Laurence Lesser
ARtist biography

Laurence Lesser

Laurence Lesser, prize winner of the 1966 Tchaikovsky Competition, has been on the faculty of the New England Conservatory since 1974, where he also served as President from 1983-1996. He studied with Gaspar Cassadò, Gregor Piatigorsky, and Pablo Casals.


Laurence Lesser

A native of Los Angeles, LAURENCE LESSER was a top prizewinner in the 1966 Tchaikovsky Competition in Moscow and a participant in the historic Heifetz-Piatigorsky concerts and recordings.  Mr. Lesser has appeared as a soloist with the Boston Symphony Orchestra, the London Philharmonic, the Los Angeles Philharmonic, the New Japan Philharmonic, the Tokyo Philharmonic and other major orchestras.  His New York debut recital in 1969 was greeted as "triumphant" and “magical.”  His Tchaikovsky Rococo Variations in Hamburg, Die Welt stated, “could not have been more thoroughly realized than is this staggering performance.”

As a chamber musician he has participated at the Casals, Marlboro, Spoleto, Ravinia, Music@Menlo and Santa Fe festivals.  He has also been a member of juries for numerous international competitions, including chairing the Tchaikovsky Competition in Moscow in 1994, the 2002 and 2006 Grand Prix Emanuel Feuermann, the 2002 and 2018 International Paulo Cello Competition, and the Naumberg International Cello Competition.

A 1961 graduate of Harvard College, where he studied mathematics, LESSER went to Köln, Germany the following year to work with Gaspar Cassadó.

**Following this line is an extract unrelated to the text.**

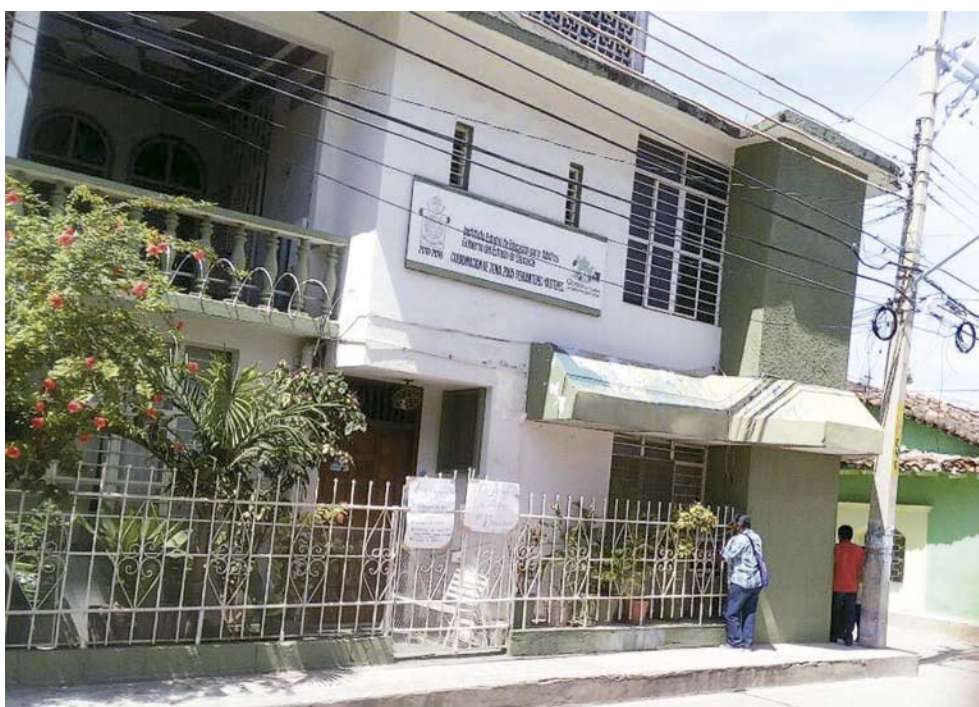
► La instalación fue bloqueada desde el lunes.

Los promotores han denunciado que ante la falta de subsidio, ellos han tenido que costear de sus propios recursos para poder sacar adelante su trabajo que se les encomienda.

Just before, he played at the Zermatt master classes for Pablo Casals, who declared, “Thank God who has given you such a great talent!”  He won first prize at the Cassadó Competition in Siena, Italy in 1962. When he returned to Los Angeles, he studied with Gregor Piatigorsky and soon became his teaching assistant and regular faculty member at the University of Southern California.  

During the remainder of the 60's he was a frequent contributor to the artistic life of Los Angeles.  Notably, his 1965 performance of the Schoenberg Cello Concerto to inaugurate the Bing Auditorium at the Los Angeles County Museum of Art was its first hearing with orchestra after Emanuel Feuermann introduced the work in the late 1930’s.  He recorded it the following year for Columbia Masterworks.  He left Los Angeles in 1970 to become Professor of Cello at Baltimore's Peabody Institute.

LESSER was invited in 1974 by Gunther Schuller, the then President of New England Conservatory, to head NEC’s cello department.  In 1983 he was named the school’s President, a position from which he retired in 1996 to return to performing and teaching.  A high point of his tenure as President was the complete restoration of the 1000-seat Jordan Hall, one of the world's greatest acoustical spaces.  

Teaching has always been an important part of LESSER’s artistic activity.  His former students, numbering in the hundreds, are soloists, orchestra section leaders and members, chamber musicians and teachers, active throughout the USA and in many other countries around the world. He taught summer courses regularly at the Banff Centre from 1998 to 2004 and continues at Orford Music in Quebec annually since 2001. He has also performed at taught at Verbier and in 2020 will participate at both the Perlman Music Program Chamber Music Workshop and the Heifetz Institute of Music.

In September, 2005 LESSER was named “Chevalier du Violoncelle” by the Eva Janzer Memorial Cello Center at Indiana University.

LESSER’s previous recordings include the complete Beethoven with pianist HaeSun Paik on Bridge Records.  Other labels include RCA, Columbia, Melodiya and CRI.